• **TASK DATA**:
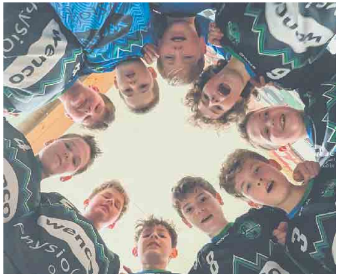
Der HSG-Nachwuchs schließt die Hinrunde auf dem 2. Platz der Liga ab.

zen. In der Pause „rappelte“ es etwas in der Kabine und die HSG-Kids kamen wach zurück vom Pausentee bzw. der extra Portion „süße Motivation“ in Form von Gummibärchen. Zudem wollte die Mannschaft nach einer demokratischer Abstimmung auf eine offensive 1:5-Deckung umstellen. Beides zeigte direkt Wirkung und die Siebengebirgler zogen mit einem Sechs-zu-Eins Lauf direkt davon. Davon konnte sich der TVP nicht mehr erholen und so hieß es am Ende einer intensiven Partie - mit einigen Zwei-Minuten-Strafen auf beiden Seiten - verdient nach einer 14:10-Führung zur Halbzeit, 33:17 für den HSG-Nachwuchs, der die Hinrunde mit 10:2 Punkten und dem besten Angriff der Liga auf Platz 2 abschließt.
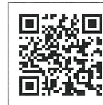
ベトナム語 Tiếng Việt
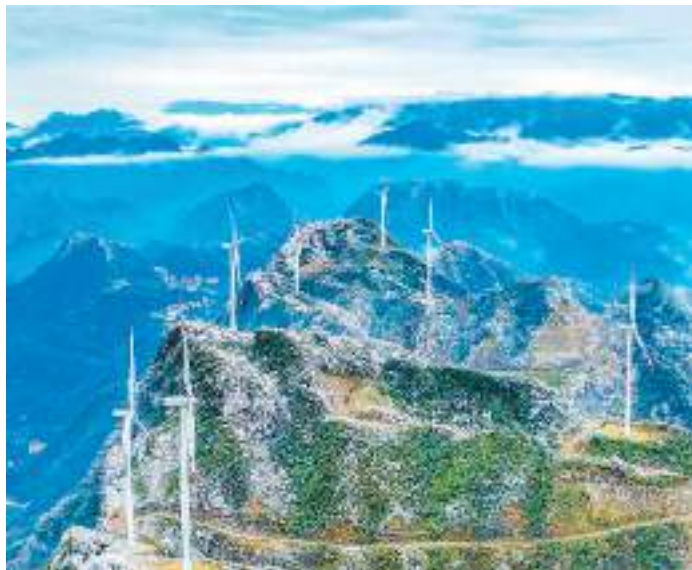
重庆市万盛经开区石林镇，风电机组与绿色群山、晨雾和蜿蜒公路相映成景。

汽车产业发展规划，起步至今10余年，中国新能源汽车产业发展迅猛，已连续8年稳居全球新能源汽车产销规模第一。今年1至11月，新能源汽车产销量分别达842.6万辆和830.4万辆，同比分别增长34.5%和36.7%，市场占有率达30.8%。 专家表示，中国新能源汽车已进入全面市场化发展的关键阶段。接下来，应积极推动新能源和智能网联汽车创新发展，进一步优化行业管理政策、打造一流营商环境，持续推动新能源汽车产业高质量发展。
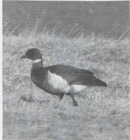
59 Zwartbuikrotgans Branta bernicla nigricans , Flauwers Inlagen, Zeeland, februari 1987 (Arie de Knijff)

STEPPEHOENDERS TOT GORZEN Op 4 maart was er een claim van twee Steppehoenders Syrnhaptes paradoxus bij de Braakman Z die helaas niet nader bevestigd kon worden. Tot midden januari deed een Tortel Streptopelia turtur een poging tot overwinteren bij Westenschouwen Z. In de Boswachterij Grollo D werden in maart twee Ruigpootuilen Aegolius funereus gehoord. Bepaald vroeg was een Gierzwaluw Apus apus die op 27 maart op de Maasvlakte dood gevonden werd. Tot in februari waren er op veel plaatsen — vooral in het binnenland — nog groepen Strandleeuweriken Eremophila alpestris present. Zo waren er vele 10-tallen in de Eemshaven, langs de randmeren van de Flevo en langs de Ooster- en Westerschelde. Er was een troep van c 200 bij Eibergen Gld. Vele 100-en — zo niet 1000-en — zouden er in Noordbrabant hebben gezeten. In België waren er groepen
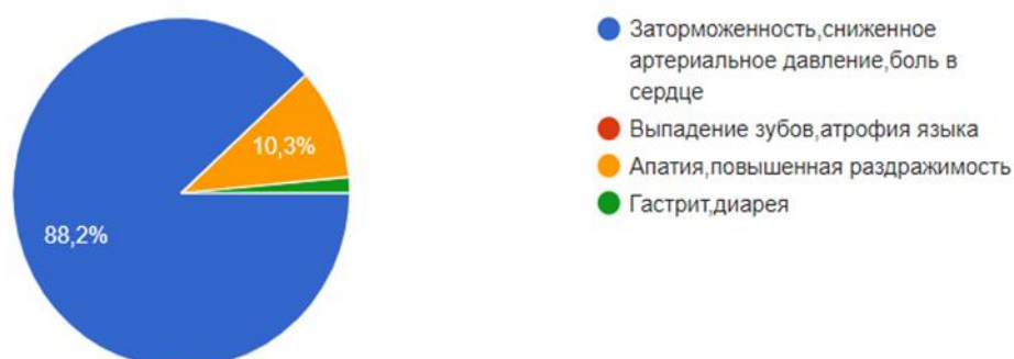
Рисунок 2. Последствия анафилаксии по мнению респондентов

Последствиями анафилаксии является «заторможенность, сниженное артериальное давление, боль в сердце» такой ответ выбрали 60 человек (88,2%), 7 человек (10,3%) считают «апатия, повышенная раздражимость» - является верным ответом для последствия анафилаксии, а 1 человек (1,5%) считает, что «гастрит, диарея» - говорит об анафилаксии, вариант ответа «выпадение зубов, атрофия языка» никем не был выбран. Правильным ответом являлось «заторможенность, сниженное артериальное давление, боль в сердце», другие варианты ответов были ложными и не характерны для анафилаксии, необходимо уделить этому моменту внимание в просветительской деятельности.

• **GOAL OF THE EXERCISE**: In the records above, find every line with the word "анафилаксии" and copy it.

• **SOLVED EXERCISE**:
Рисунок 2. Последствия анафилаксии по мнению респондентов
Последствиями анафилаксии является «заторможенность, сниженное артериальное давление, боль в сердце» такой ответ выбрали 60 человек (88,2%), 7 человек (10,3%) считают «апатия, повышенная раздражимость» - является верным ответом для последствия анафилаксии, а 1 человек (1,5%) считает, что «гастрит, диарея» - говорит об анафилаксии, вариант ответа «выпадение зубов, атрофия языка» никем не был выбран. Правильным ответом являлось «заторможенность, сниженное артериальное давление, боль в сердце», другие варианты ответов были ложными и не характерны для анафилаксии, необходимо уделить этому моменту внимание в просветительской деятельности.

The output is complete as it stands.